Mutare Mayor Tatenda Nhamarare said the city was working hard to alleviate its housing problem, including by building roads and sewer facilities “in high and low-[density] residential areas” prior to house building.
“And private land developers are also helping to provide decent accommodation to the people,” Nhamarare said.
However, he was quick to say that the city would not tolerate illegal settlers.
“We cannot do anything for them [illegal settlers] — they must vacate the areas they are occupying,” he said.
Associations that represent Mutare residents said many homeless could not afford the residential stands on offer.
Human rights lawyer Passmore Nyakureba said that ran contrary to the obligation by the national and local governments to supply housing to citizens — either by providing housing or by ensuring access to land for development at low cost.
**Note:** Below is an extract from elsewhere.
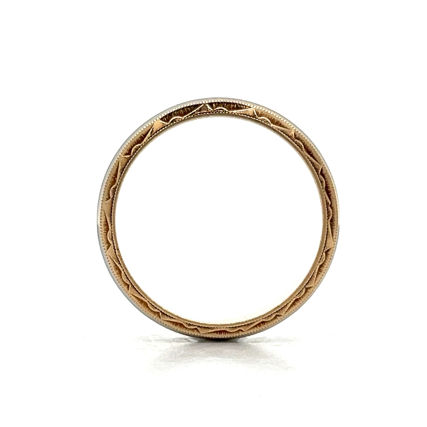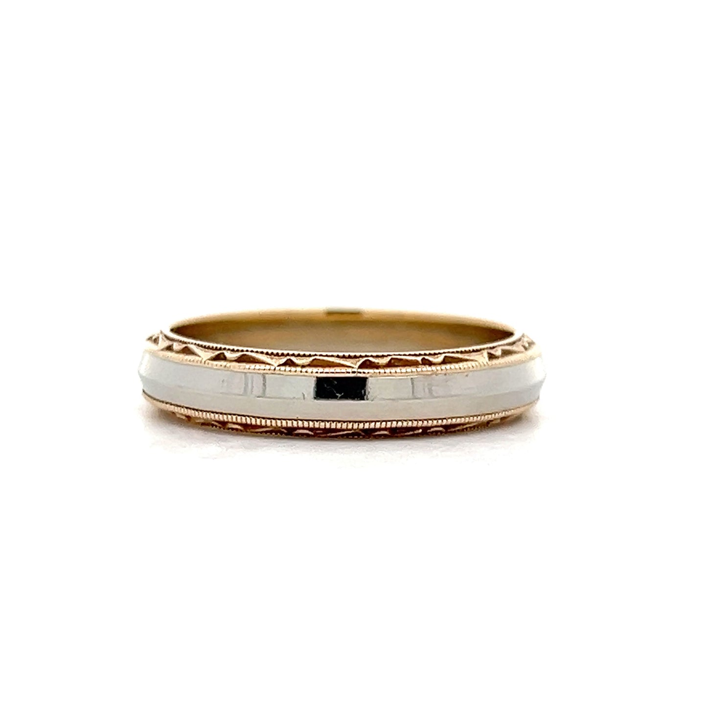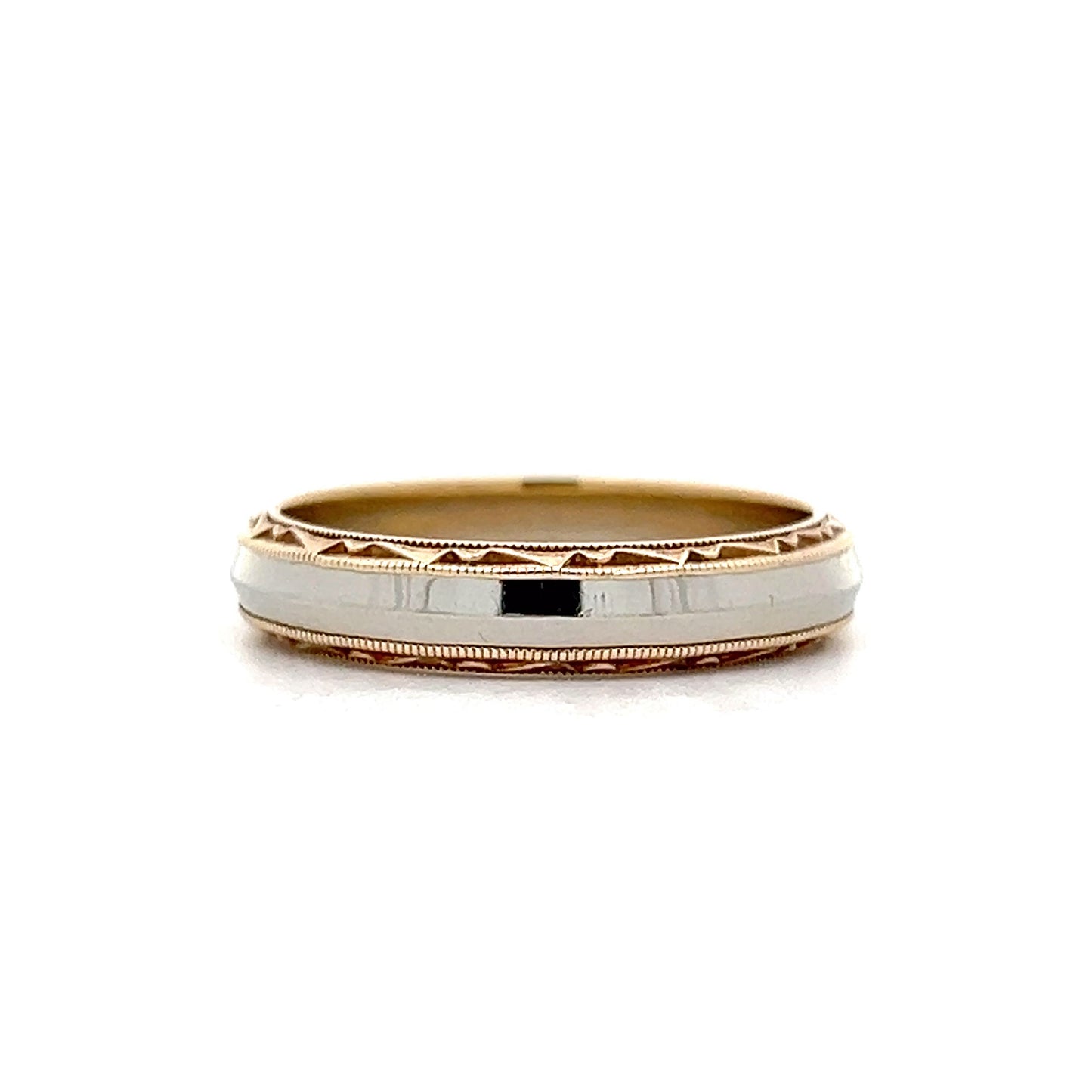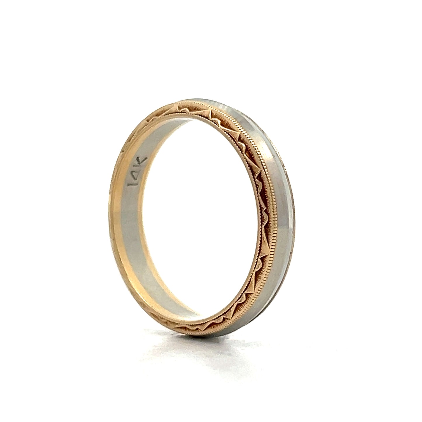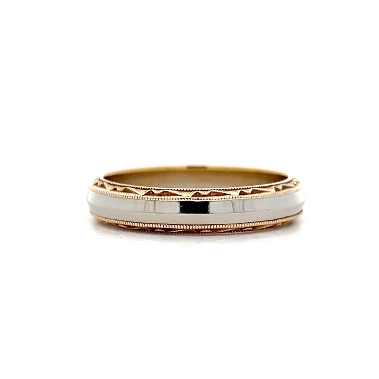 This men's wedding band combines retro and antique aesthetics with a two-tone design of 14 karat white gold in the center and 14 karat yellow gold along the edges. The knife edge design adds a bit of texture, while the engraved sides and milgrain edge detail enhance its artistry. This wedding band blends classic elements with refined details, making it a unique compared to modern rings.

“But, as you know, our government has really done very little in this area, as it has alienated its primary obligation through either the commercialization or politicization of the right to access to both urban and rural land,” Nyakureba said.
Given the government’s approach, the only option was to keep urging it to meet its responsibilities to provide land for its citizens, he said.
“On its own, this government will not do anything towards fulfilling any of the rights of the people of Zimbabwe unless there is political gain to it,” he said.